Cancer and Boundaries: What the Compass Told Me

Everyone has their orbits, their ranges of motion, their finite, functional horizon between the sun’s rise and fall. Before cancer, these were self-evident; I had no need to articulate them. My body had a momentum that fit the workaday arc of most people my age, and then some: I ran 5 and 10k races, worked out, gardened and wrote, all while maintaining a full-time job and a home. These were facts.

Once cancer entered my life, the ranges and orbits changed. I find myself wanting to find a finite word for those changes here, such as “narrowed,” or “were reduced,” or “became limited,” because in one sense those “reductions” in abilities were physical bricks. Truths. A gash where my breast used to be. My new swollen, compressed arm.

But words implying reduction aren’t entirely accurate either. I say this because reduction implies permanence and certitude. A “reduction in abilities” doesn’t encompass the sudden surfacing of a kind of necessary attentiveness to the body, which is always in flux, always changing. And the cancer body becomes amoebic in its illness: cells die and return, fears resurface, hair grows and falls, skin tenders after sutures and heals, muscles stiffen and restretch, and the mind learns a new vocabulary of being. “Scan” is no longer about the landscape outside; the word beams inward, searching for malignance. “How are you?” is no longer innocuous and quotidien; laden with the weight of mortality, the phrase becomes a question of life itself. How long will you live? What is happening in your body? How frightened should I, the asker, be? There is such freight with the language. A kind of lightness has been lost.

And so, who am I in this new body? Where do I go? Bewildered in some desert, then a city, then a bed, then a corridor – who? Where? What?

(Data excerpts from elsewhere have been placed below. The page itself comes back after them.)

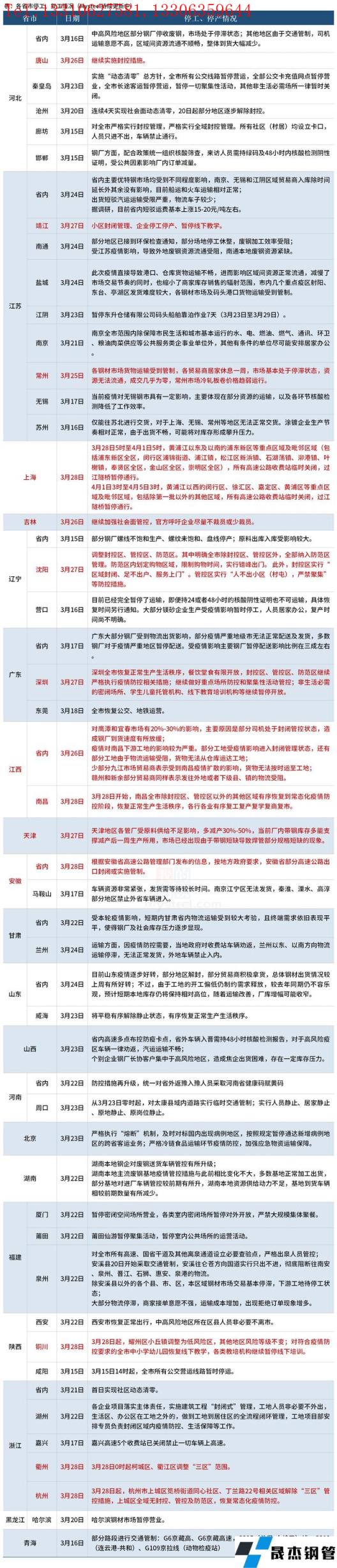 免責聲明:本網站(山東聊城晟杰無縫鋼管廠m.www-86604.com)刊載的“疫情防控下,各省停工復工最新情況匯總(十)”等均源于網絡,版權歸原作者所有,且僅代表原作者觀點,本文所載信息僅供參考。轉載僅為學習與交流之目的,如無意中侵犯您的合法權益,請及時聯系刪除。本網站刊登此篇文章并不意味著本站贊同其觀點或證實其內容的真實性,我們不對其科學性、嚴肅性等作任何形式的保證。如果侵犯了您的版權,請盡快聯系我們予以撤銷,謝謝合作!
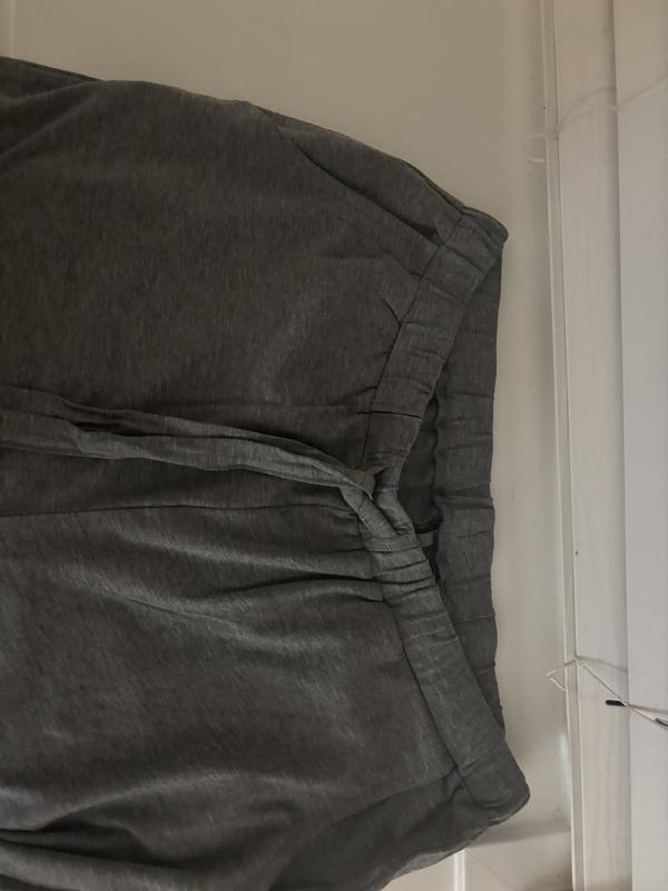 Very lightweight and soft pajamas with a crop top and jogger pants. I didn't realize this was a crop top when I ordered it or else I wouldn't have. Otherwise the pants are on the longer side (I'm 5'5) but very comfortable. These would be perfect for spring or fall with the lightness of the cotton blend fabric. I love the pockets and drawstring waist. The dark blue is also very pretty!
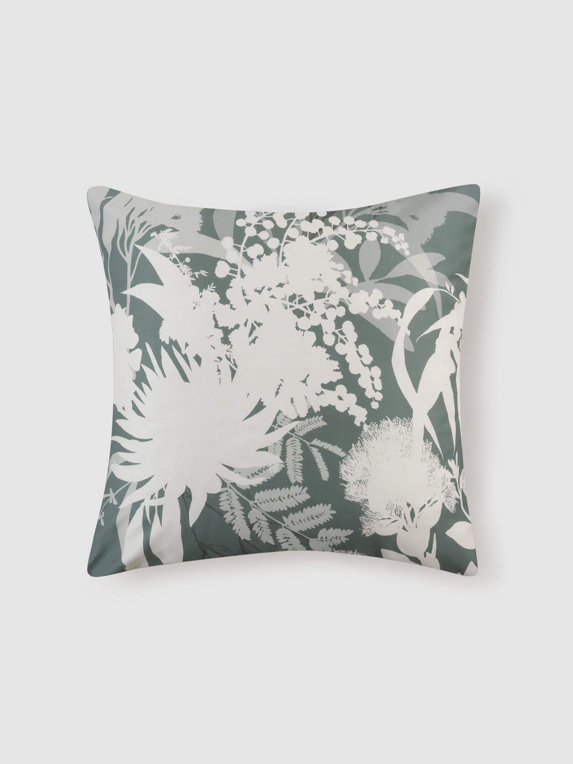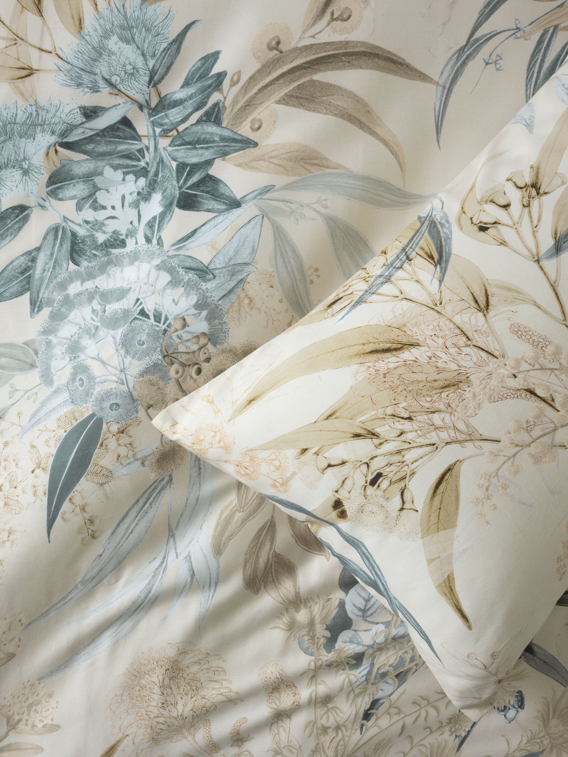 Bring the serene charm of botanical landscapes into your bedroom with Sorrento. This beautifully detailed print captures native flora in a soft, earthy palette of eucalyptus green, teal and gold, layered across a warm, natural base. Printed on smooth cotton sateen, Sorrento offers a calming statement when paired with the coordinating European pillowcase.

One metaphor helps me now: the compass. It is astral in the sense of earth-only, grounded here and then here. It is a traveling re-orienter. To consult it means to know where the one thing is, which is “direction,” which is not a destination per se – for the cancer patient, true north, or “health” is an implied and ongoing possibility. Some of us are further from this than others. And some must close their eyes, rest, and stop.

The particulars:  My body is changing, not for the better. My tumor markers have increased, and despite eating and eating, I can’t gain weight. I get so very tired. Restless legs torture me in the evenings, and scans are coming up. Like the compass, the general sense must reground in the particular and its details. I am here now, and I consult and consult the gravity below. In my hand is a small circle. Not much else is known.

 

person holding compass
Photo by Valentin Antonucci on Pexels.com

 

 

 

9 thoughts on “Cancer and Boundaries: What the Compass Told Me”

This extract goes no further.